[Start of section]
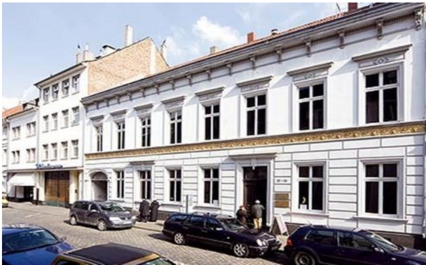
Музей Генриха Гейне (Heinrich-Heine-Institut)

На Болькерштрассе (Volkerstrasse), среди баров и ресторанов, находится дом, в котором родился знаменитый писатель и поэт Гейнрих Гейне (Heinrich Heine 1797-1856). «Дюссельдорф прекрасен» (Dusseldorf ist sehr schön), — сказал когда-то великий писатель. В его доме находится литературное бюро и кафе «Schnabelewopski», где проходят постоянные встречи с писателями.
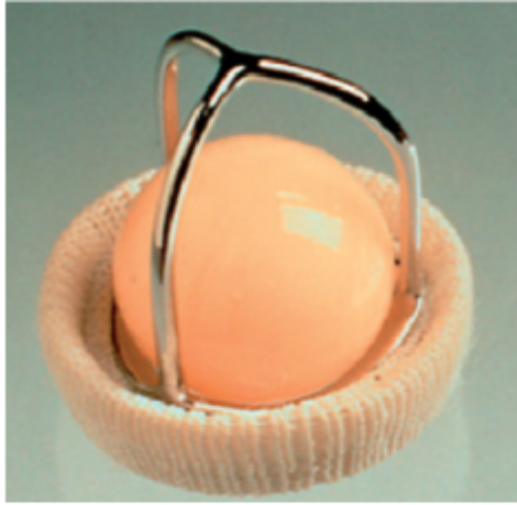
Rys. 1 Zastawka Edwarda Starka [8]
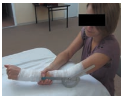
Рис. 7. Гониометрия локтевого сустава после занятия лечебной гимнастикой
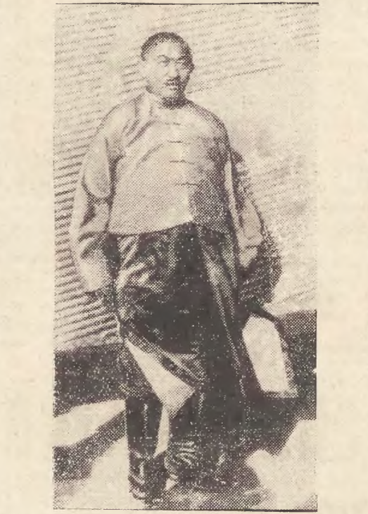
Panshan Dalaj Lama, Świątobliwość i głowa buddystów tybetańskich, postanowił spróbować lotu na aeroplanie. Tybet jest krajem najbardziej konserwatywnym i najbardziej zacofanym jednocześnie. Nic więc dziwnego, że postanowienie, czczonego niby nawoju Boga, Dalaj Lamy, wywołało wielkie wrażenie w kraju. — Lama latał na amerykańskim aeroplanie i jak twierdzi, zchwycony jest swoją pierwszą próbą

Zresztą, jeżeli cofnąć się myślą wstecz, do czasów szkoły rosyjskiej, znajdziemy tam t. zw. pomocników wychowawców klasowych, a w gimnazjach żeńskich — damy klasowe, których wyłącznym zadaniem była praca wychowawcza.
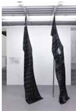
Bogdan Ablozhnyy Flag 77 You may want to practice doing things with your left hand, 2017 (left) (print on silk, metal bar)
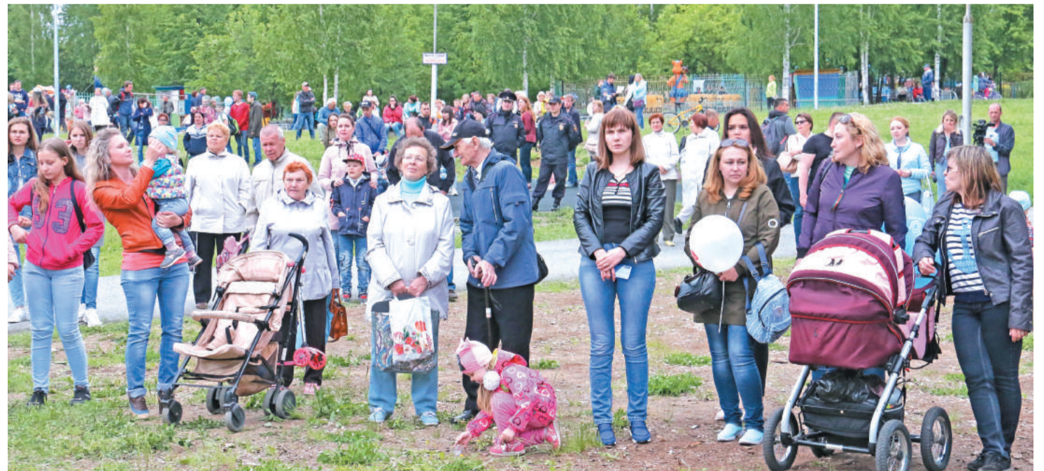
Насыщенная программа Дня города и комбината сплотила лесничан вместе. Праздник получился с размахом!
[End of section]
[Start of section]
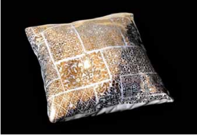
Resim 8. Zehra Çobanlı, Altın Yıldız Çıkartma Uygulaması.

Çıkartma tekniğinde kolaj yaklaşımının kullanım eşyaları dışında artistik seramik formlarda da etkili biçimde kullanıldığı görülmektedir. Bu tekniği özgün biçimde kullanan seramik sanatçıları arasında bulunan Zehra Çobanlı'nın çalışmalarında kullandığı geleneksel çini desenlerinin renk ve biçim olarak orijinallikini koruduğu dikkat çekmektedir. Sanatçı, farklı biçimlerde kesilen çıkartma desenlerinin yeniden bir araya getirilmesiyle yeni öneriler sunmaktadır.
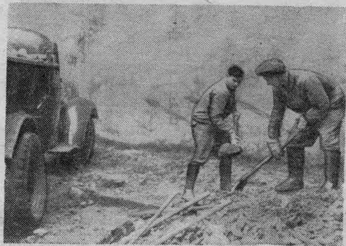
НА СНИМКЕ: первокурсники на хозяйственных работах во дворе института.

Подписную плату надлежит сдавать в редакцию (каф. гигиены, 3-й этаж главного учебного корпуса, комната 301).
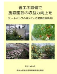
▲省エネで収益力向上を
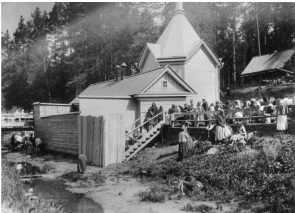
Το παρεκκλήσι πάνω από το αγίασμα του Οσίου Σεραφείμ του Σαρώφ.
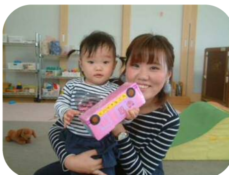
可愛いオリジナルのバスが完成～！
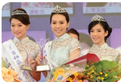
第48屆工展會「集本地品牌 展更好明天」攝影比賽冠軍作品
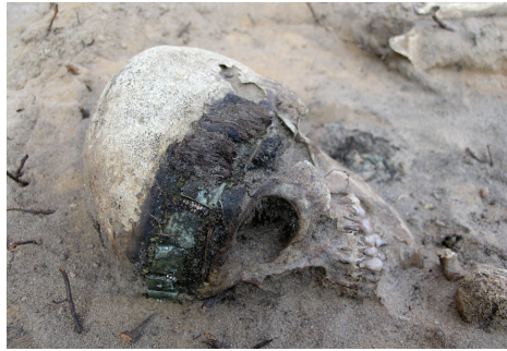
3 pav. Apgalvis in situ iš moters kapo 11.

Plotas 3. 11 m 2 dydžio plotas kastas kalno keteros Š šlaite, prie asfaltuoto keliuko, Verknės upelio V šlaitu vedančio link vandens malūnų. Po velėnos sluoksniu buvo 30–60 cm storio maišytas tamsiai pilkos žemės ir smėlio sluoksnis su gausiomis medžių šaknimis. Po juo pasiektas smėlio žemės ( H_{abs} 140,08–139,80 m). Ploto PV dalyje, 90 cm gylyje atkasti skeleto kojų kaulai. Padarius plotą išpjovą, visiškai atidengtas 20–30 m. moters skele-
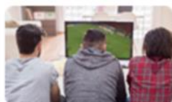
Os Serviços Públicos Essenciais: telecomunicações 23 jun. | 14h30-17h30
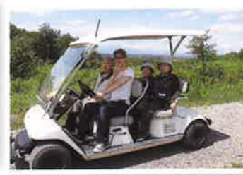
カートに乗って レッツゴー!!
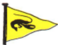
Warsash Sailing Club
[End of section]
EXERCISE DETAILS.
What you write must match the listing exactly, from the line with "Panshan Dalaj Lama, Świątobliwość" up to and including the line with "Насыщенная программа Дня". Pictures stay out.

RESPONSE TO THIS EXERCISE.
Panshan Dalaj Lama, Świątobliwość i głowa buddystów tybetańskich, postanowił spróbować lotu na aeroplanie. Tybet jest krajem najbardziej konserwatywnym i najbardziej zacofanym jednocześnie. Nic więc dziwnego, że postanowienie, czczonego niby nawoju Boga, Dalaj Lamy, wywołało wielkie wrażenie w kraju. — Lama latał na amerykańskim aeroplanie i jak twierdzi, zchwycony jest swoją pierwszą próbą

Zresztą, jeżeli cofnąć się myślą wstecz, do czasów szkoły rosyjskiej, znajdziemy tam t. zw. pomocników wychowawców klasowych, a w gimnazjach żeńskich — damy klasowe, których wyłącznym zadaniem była praca wychowawcza.
Bogdan Ablozhnyy Flag 77 You may want to practice doing things with your left hand, 2017 (left) (print on silk, metal bar)
Насыщенная программа Дня города и комбината сплотила лесничан вместе. Праздник получился с размахом!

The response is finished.